Nous pouvons tous convenir que l'Etat islamique (ou ISL) est une organisation épouvantable qui a commis de graves crimes en Irak, des crimes qui vont bien au-delà de la décapitation de journalistes américains pour inclure des exécutions massives de civils. Le problème est que, comme cela arrive toujours dans ces cas-là, , il existe une certaine « indignation sélective », une sorte d’« amnésie volontaire » à l’égard de notre propre rôle dans de telles questions.
Permettez-moi de laisser de côté l'histoire ancienne comme celle du Vietnam et, en regardant simplement l'Irak, de nous rappeler que les États-Unis ont soutenu Saddam Hussein pendant une longue période, y compris sa guerre contre l'Iran qui a duré neuf ans, au cours de laquelle il a utilisé des gaz toxiques contre l'Iran. Iraniens sans aucun commentaire de la Maison Blanche. Ou encore, après la première guerre du Golfe, lorsque Saddam avait accepté les conditions de la reddition et retirait ses troupes du Koweït, nos avions ont mitraillé les troupes en retraite qui, selon toute définition possible des conditions de la reddition, auraient dû avoir un passage sûr.
Ensuite, les États-Unis ont encouragé un soulèvement parmi les Irakiens contre Saddam, mais n'ont fourni aucun soutien et sont restés les bras croisés lorsque Saddam les a massacrés par milliers. Ou peut-être pour se souvenir des pertes massives de vies civiles en Irak après notre invasion sans gloire « Choc et crainte ». Ou les chambres de torture que nous avons installées, dont les photographies ont horrifié le monde.
Tous les péchés de l’Amérique, pris ensemble, ne justifient pas la décapitation d’un seul journaliste – mais la mémoire peut nous aider à comprendre les racines de cette horreur..
Le discours d’Obama ce soir a fait tout son possible pour réprimander la Russie, au moment précis où nous avons besoin de l’aide de la Russie (et de l’Iran) pour faire face à l’EI. Il a attisé les vieux feux de la guerre froide en faisant référence aux troubles de l’Ukraine – dont les États-Unis sont les principaux responsables. Et le plus tragique de tout,
au lieu d'offrir un certain espoir de mettre fin à l'effusion de sang en Syrie, il va maintenant apporter une aide supplémentaire à l'une des parties à la guerre civile, ce qui la prolongera et l'approfondira.
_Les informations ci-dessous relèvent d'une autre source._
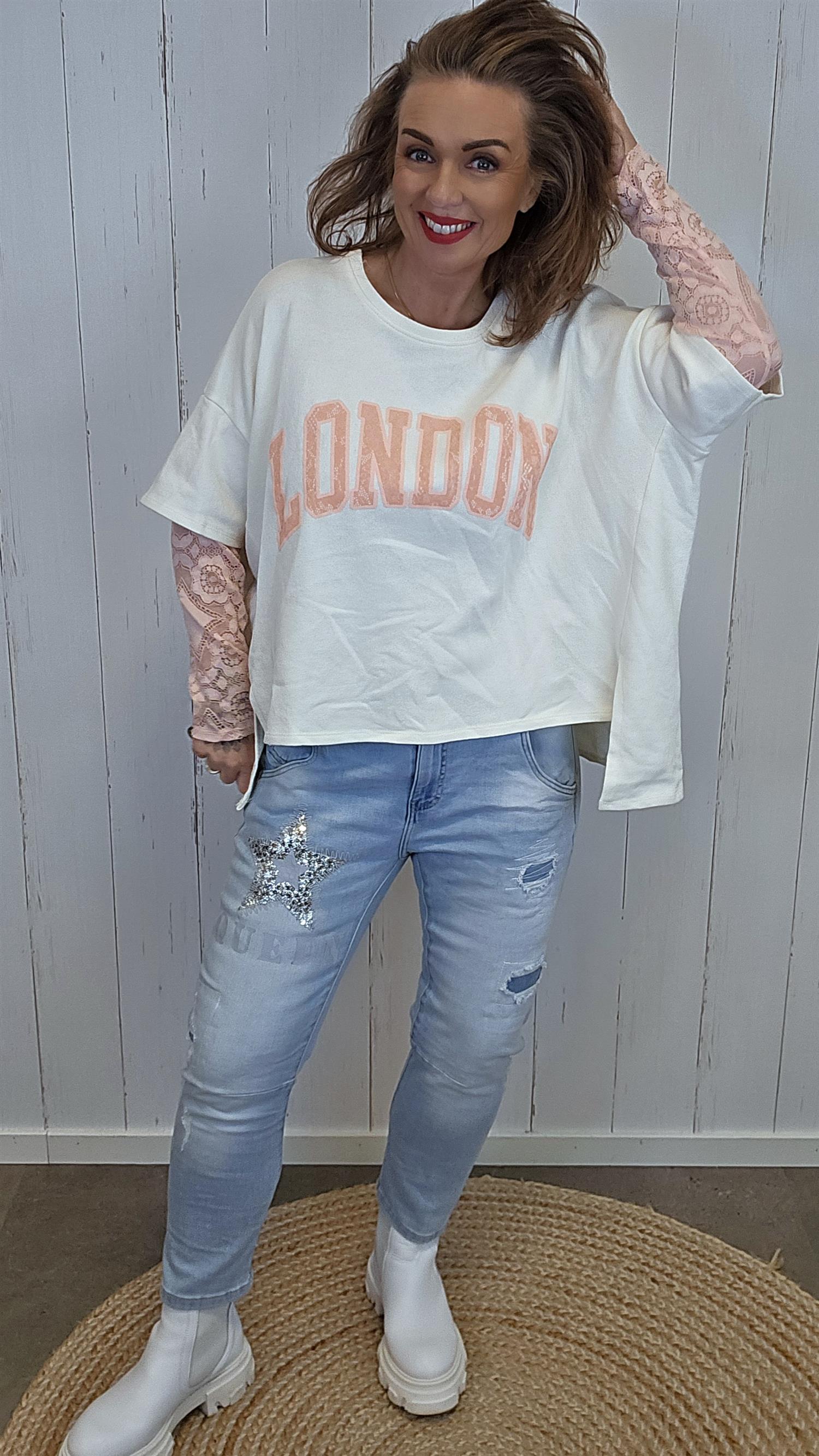 Lett og myk topp med avslappet fasong og dekorativ lag-på-lag-effekt. Modellen har korte ermer ytterst og lange blondeermer under, som gir et feminint og samtidig casual uttrykk. Tekstdetaljen i front tilfører en sporty kontrast, mens den lengre bakdelen gir en flatterende silhuett.

Si l’EI est effectivement l’ennemi, alors, en Syrie, l’allié le plus naturel est Assad, aussi brutale que soit sa dictature. Rappelons-nous que les États-Unis ont déjà compté sur la Syrie, comme allié contre Hussein et comme endroit idéal pour envoyer les suspects que nous voulions torturer de la manière la plus professionnelle possible.
Cela pourrait bien être, pour les Syriens, un choix entre Hitler et Staline, ISIS jouant le rôle d’Hitler.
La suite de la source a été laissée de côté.